### [REQUIRED WORK]
Please repeat the entire listing verbatim and keep the pictures out.

### [DATASET EXCERPT]
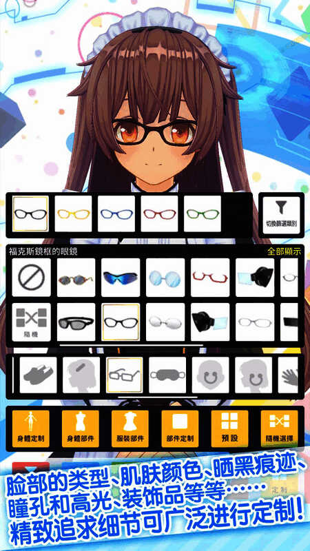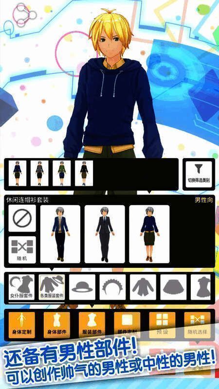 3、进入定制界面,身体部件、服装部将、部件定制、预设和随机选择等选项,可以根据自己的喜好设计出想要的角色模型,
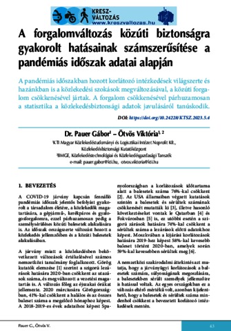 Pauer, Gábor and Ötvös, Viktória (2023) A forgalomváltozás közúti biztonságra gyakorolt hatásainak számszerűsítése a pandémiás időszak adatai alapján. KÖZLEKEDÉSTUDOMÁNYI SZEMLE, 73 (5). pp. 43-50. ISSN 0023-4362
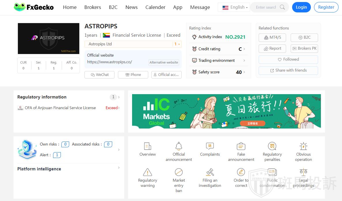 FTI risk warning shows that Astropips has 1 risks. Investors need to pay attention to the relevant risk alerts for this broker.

### [RESULT OF THIS EXERCISE]
 3、进入定制界面,身体部件、服装部将、部件定制、预设和随机选择等选项,可以根据自己的喜好设计出想要的角色模型,
 Pauer, Gábor and Ötvös, Viktória (2023) A forgalomváltozás közúti biztonságra gyakorolt hatásainak számszerűsítése a pandémiás időszak adatai alapján. KÖZLEKEDÉSTUDOMÁNYI SZEMLE, 73 (5). pp. 43-50. ISSN 0023-4362
 FTI risk warning shows that Astropips has 1 risks. Investors need to pay attention to the relevant risk alerts for this broker.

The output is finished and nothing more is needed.